Six days before the sixth anniversary of the Deepwater Horizon disaster the US Department of the Interior released much-heralded new safety regulations for offshore exploration and production and drew a wail of consternation from the oil industry.
While Thursday’s big reveal had been mostly prefigured by the announcement of proposed rules this time last year the final confirmation still elicited a chorus of anxiety from the E&P side.
The general view from industry players is that implementing stricter well-control requirements will be too big a financial imposition, with ExxonMobil saying it could amount to $25bn over the next 10 years.

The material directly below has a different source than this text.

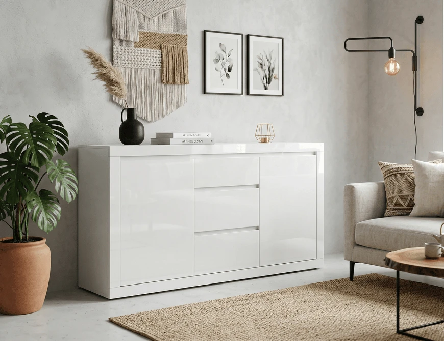 Lakierowana komoda w kolorze białym to doskonała propozycja do wnętrz, w których zależy nam na optycznym powiększeniu przestrzeni. Jasny kolor daje ten efekt, jak również poczucie wizualnej lekkości. Sprawdzi się w salonie, sypialni, garderobie czy w pracowni.

That is a cost which, in this time of plunging oil prices, could be devastating for the business, driving some firms to the wall and leading to lower output, they say. Energy and minerals consultancy Wood Mackenzie says it could lower Gulf of Mexico spending by 70 %.
The Bureau of Safety and Environmental Enforcement (BSEE) – the agency of Interior which announced the new rules – disputed those claims, saying the extra costs would be more like $1bn over 10 years.
One major focus of the regulations is stricter standards and testing for blowout preventers, the piece of equipment which failed catastrophically in the case of BP’s Deepwater Horizon rig on 20 April 2010.
The subsequent explosion and fire on the rig cost 11 lives and led to a three-month oil gusher from the uncapped Macondo well into the US Gulf of Mexico. It is America’s worst ever oil spill.
The new rules mandate more tests for blowout preventers and the provision of redundant safety devices as well as calling for drillers to balance the injection of drilling fluids with well pressure, a measure meant to keep pressure from rising too high.
Among other prescriptions are tighter standards for well-control casing, cementing and sub-sea containment as well as calls for real-time monitoring, third party reviews of equipment and more regular inspections.
This final version of the rules is tempered somewhat from the proposal of last year, Interior having taken on board some concerns expressed by oil industry lobbyists.
There was a much happier reaction from the green side with environmentalists and conservationists generally praising the administration of President Barack Obama for taking steps towards preventing any further Deepwater Horizon-like calamities.
But some felt more could be done and others bemoaned that it has taken six years to happen.